Within the mortgage servicing business, environment friendly doc processing can imply the distinction between enterprise development and missed alternatives. This submit explores how Onity Group, a monetary providers firm specializing in mortgage servicing and origination, used Amazon Bedrock and different AWS providers to rework their doc processing capabilities.
Onity Group, based in 1988, is headquartered in West Palm Seaside, Florida. Via its major working subsidiary, PHH Mortgage Company, and Liberty Reverse Mortgage model, the corporate gives mortgage servicing and origination options to owners, enterprise purchasers, buyers, and others.
Onity processes hundreds of thousands of pages throughout a whole lot of doc sorts yearly, together with authorized paperwork akin to deeds of belief the place essential info is commonly contained inside dense textual content.
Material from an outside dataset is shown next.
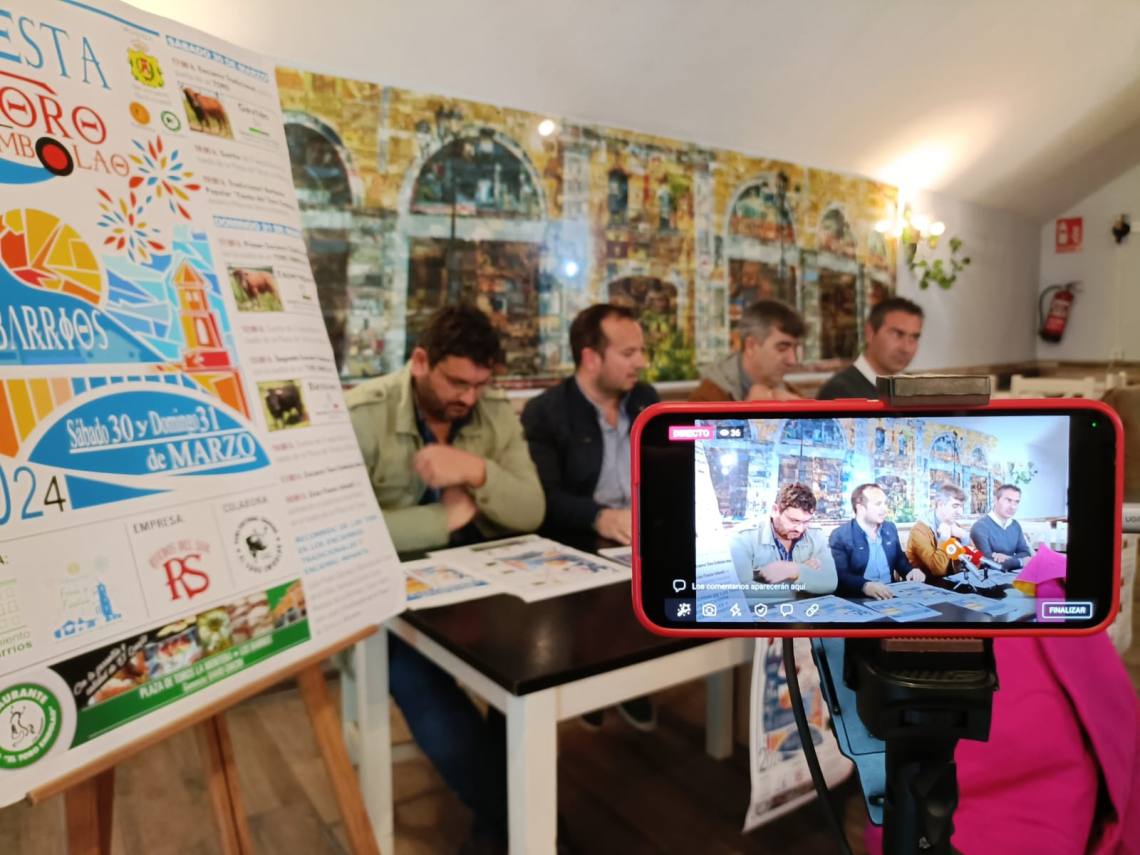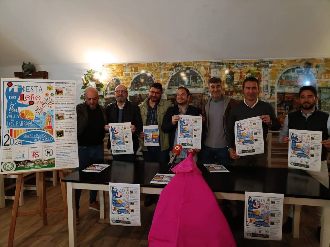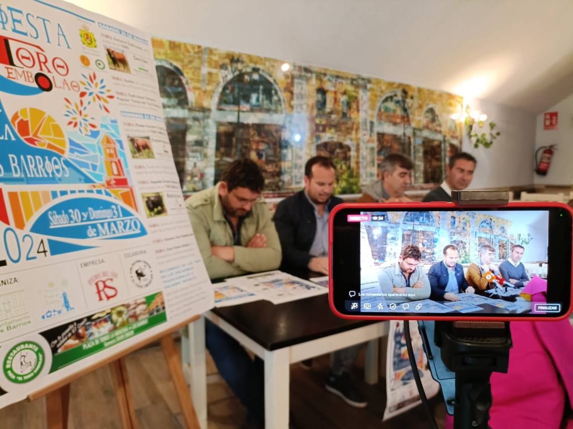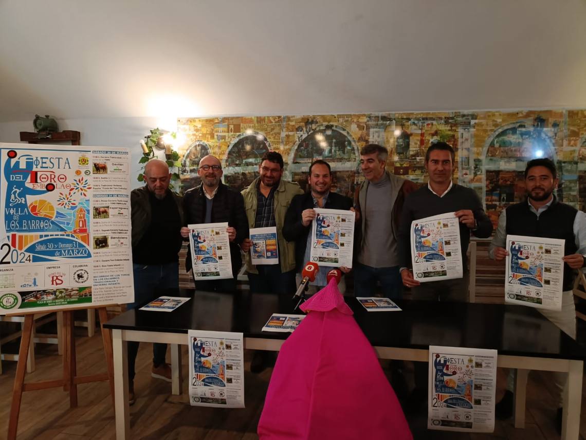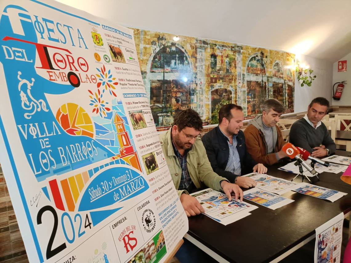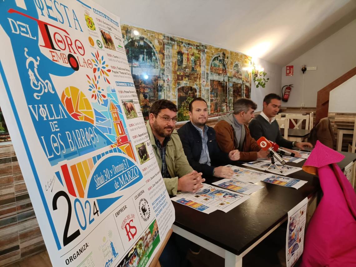 El concejal de Festejos, Daniel Pérez Cumbre; el concejal de Turismo, Pablo García; el presidente de la Peña Toro Embolao, Joaquín Gil; el empresario de Ruedos del Sur, Jesús Santana; han presentado esta tarde en la sede de la entidad, situada en la plaza de toros, el cartel y toda la programación de la Fiesta del Toro Embolao 2024, que se celebrará el sábado 30 y domingo 31 de marzo.

The corporate additionally needed to handle inconsistent handwritten entries and the necessity to confirm notarization and authorized seals—duties that conventional optical character recognition (OCR) and AI and machine studying (AI/ML) options struggled to deal with successfully. Through the use of basis fashions (FMs) offered by Amazon Bedrock, Onity achieved a 50% discount in doc extraction prices whereas bettering general accuracy by 20% in comparison with their earlier OCR and AI/ML resolution.
Onity’s clever doc processing (IDP) resolution dynamically routes extraction duties primarily based on content material complexity, utilizing the strengths of each its customized AI fashions and generative AI capabilities offered by Amazon Net Providers (AWS) via Amazon Bedrock. This dual-model method enabled Onity to handle the dimensions and variety of its mortgage servicing paperwork extra effectively, driving vital enhancements in each value and accuracy.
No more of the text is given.